#### [Work task]
Your job is to set down the stretch of entries that opens with the line containing "One part of" and closes with the line containing "A beautiful diamond". Keep both end lines, copy each exactly, and add nothing.

--*--

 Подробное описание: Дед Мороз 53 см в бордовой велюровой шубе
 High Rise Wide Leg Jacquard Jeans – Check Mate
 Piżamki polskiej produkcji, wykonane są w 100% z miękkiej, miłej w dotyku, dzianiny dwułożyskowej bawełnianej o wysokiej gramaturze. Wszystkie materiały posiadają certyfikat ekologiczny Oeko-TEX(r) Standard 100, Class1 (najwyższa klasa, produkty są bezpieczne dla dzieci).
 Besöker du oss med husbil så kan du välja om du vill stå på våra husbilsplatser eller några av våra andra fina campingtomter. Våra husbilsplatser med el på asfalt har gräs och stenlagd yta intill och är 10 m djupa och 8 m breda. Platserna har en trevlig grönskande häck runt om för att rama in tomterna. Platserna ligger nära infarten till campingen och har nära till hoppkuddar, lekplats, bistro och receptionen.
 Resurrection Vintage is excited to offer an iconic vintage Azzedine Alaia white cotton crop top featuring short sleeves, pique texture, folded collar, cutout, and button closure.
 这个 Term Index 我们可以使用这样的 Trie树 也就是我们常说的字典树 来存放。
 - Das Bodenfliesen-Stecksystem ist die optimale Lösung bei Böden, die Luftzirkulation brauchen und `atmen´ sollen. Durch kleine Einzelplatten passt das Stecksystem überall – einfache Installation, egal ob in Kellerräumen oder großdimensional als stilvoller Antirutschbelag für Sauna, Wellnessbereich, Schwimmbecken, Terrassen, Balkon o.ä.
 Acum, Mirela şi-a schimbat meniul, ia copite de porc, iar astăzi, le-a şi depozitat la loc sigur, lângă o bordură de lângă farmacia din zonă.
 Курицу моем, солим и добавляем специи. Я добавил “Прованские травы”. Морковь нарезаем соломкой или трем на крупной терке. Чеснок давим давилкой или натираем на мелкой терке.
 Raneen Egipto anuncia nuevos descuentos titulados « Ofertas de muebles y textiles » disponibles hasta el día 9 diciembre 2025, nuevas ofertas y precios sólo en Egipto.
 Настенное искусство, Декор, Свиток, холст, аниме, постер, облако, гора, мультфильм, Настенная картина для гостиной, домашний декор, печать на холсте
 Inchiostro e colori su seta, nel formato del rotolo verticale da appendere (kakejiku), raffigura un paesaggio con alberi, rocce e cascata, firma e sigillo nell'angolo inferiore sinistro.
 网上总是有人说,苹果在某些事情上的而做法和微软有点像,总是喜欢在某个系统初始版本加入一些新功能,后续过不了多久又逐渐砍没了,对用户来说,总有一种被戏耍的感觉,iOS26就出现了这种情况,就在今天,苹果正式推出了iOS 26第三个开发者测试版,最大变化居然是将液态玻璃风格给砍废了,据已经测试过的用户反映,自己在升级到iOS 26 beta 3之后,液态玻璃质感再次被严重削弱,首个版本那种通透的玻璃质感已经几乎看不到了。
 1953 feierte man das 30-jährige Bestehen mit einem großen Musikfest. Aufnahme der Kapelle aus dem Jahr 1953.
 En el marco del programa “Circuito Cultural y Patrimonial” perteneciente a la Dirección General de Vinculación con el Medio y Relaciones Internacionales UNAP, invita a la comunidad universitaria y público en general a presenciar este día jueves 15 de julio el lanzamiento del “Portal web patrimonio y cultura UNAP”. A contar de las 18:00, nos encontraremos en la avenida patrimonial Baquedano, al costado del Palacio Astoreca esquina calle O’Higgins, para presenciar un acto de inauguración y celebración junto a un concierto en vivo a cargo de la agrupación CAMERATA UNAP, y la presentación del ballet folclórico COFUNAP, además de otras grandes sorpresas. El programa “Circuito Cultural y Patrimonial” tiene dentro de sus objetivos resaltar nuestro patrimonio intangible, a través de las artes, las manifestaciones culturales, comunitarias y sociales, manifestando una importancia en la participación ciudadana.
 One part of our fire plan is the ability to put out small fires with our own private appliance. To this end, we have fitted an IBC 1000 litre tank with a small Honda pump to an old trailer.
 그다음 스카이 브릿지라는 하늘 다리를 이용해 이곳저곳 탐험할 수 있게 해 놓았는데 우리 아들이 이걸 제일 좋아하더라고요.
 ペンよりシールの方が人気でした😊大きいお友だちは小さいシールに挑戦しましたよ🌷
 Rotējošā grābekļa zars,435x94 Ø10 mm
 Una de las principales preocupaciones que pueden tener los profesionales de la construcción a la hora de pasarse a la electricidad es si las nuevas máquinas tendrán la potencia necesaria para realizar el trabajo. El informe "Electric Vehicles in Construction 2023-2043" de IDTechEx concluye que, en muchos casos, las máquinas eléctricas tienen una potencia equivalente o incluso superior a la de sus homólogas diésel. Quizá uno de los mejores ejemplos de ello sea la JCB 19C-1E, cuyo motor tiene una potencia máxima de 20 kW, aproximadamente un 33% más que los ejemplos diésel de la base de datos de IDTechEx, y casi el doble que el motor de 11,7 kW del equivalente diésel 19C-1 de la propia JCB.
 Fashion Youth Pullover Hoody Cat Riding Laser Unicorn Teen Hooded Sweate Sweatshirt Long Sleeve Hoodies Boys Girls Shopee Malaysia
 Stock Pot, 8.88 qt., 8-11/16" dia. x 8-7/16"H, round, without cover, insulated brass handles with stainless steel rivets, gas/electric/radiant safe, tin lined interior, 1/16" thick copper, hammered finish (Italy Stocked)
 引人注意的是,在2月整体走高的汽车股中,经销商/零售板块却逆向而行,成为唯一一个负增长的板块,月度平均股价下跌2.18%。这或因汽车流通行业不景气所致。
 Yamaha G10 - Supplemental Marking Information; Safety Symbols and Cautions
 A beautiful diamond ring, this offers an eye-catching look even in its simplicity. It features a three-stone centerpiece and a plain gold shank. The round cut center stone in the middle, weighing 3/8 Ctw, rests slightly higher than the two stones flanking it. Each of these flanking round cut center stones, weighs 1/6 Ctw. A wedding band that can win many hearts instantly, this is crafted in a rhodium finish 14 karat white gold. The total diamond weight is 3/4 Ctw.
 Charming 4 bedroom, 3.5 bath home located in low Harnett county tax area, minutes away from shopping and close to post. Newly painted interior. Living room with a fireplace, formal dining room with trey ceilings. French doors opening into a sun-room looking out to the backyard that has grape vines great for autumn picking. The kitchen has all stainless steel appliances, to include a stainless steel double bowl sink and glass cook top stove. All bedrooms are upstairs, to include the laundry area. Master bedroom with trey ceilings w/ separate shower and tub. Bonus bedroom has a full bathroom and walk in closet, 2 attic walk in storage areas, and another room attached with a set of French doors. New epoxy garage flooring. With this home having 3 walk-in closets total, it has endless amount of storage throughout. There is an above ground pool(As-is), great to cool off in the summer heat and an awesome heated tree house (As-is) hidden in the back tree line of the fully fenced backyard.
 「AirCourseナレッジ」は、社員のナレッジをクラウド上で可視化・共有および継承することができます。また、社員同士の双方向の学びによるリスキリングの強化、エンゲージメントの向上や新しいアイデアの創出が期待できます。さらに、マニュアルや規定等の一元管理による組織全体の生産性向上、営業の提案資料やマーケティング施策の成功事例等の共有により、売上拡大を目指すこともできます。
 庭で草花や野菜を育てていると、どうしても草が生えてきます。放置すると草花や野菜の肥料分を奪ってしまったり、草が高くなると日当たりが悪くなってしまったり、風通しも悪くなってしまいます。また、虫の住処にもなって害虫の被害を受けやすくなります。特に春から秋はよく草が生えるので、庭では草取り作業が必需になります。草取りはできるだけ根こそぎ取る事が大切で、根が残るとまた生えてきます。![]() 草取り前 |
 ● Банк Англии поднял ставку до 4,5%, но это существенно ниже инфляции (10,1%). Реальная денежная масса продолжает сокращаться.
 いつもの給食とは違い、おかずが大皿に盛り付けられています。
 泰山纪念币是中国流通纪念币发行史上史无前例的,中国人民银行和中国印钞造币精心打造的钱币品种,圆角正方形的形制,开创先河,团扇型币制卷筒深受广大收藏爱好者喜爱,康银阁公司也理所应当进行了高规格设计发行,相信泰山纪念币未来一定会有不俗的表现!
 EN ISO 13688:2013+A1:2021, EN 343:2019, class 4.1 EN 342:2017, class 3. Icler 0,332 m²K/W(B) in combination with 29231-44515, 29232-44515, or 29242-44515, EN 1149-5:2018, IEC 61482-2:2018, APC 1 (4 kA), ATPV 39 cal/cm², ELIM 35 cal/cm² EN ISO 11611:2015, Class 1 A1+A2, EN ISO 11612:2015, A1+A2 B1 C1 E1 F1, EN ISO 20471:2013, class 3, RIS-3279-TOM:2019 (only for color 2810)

--*--

#### [Solution to this problem]
 One part of our fire plan is the ability to put out small fires with our own private appliance. To this end, we have fitted an IBC 1000 litre tank with a small Honda pump to an old trailer.
 그다음 스카이 브릿지라는 하늘 다리를 이용해 이곳저곳 탐험할 수 있게 해 놓았는데 우리 아들이 이걸 제일 좋아하더라고요.
 ペンよりシールの方が人気でした😊大きいお友だちは小さいシールに挑戦しましたよ🌷
 Rotējošā grābekļa zars,435x94 Ø10 mm
 Una de las principales preocupaciones que pueden tener los profesionales de la construcción a la hora de pasarse a la electricidad es si las nuevas máquinas tendrán la potencia necesaria para realizar el trabajo. El informe "Electric Vehicles in Construction 2023-2043" de IDTechEx concluye que, en muchos casos, las máquinas eléctricas tienen una potencia equivalente o incluso superior a la de sus homólogas diésel. Quizá uno de los mejores ejemplos de ello sea la JCB 19C-1E, cuyo motor tiene una potencia máxima de 20 kW, aproximadamente un 33% más que los ejemplos diésel de la base de datos de IDTechEx, y casi el doble que el motor de 11,7 kW del equivalente diésel 19C-1 de la propia JCB.
 Fashion Youth Pullover Hoody Cat Riding Laser Unicorn Teen Hooded Sweate Sweatshirt Long Sleeve Hoodies Boys Girls Shopee Malaysia
 Stock Pot, 8.88 qt., 8-11/16" dia. x 8-7/16"H, round, without cover, insulated brass handles with stainless steel rivets, gas/electric/radiant safe, tin lined interior, 1/16" thick copper, hammered finish (Italy Stocked)
 引人注意的是,在2月整体走高的汽车股中,经销商/零售板块却逆向而行,成为唯一一个负增长的板块,月度平均股价下跌2.18%。这或因汽车流通行业不景气所致。
 Yamaha G10 - Supplemental Marking Information; Safety Symbols and Cautions
 A beautiful diamond ring, this offers an eye-catching look even in its simplicity. It features a three-stone centerpiece and a plain gold shank. The round cut center stone in the middle, weighing 3/8 Ctw, rests slightly higher than the two stones flanking it. Each of these flanking round cut center stones, weighs 1/6 Ctw. A wedding band that can win many hearts instantly, this is crafted in a rhodium finish 14 karat white gold. The total diamond weight is 3/4 Ctw.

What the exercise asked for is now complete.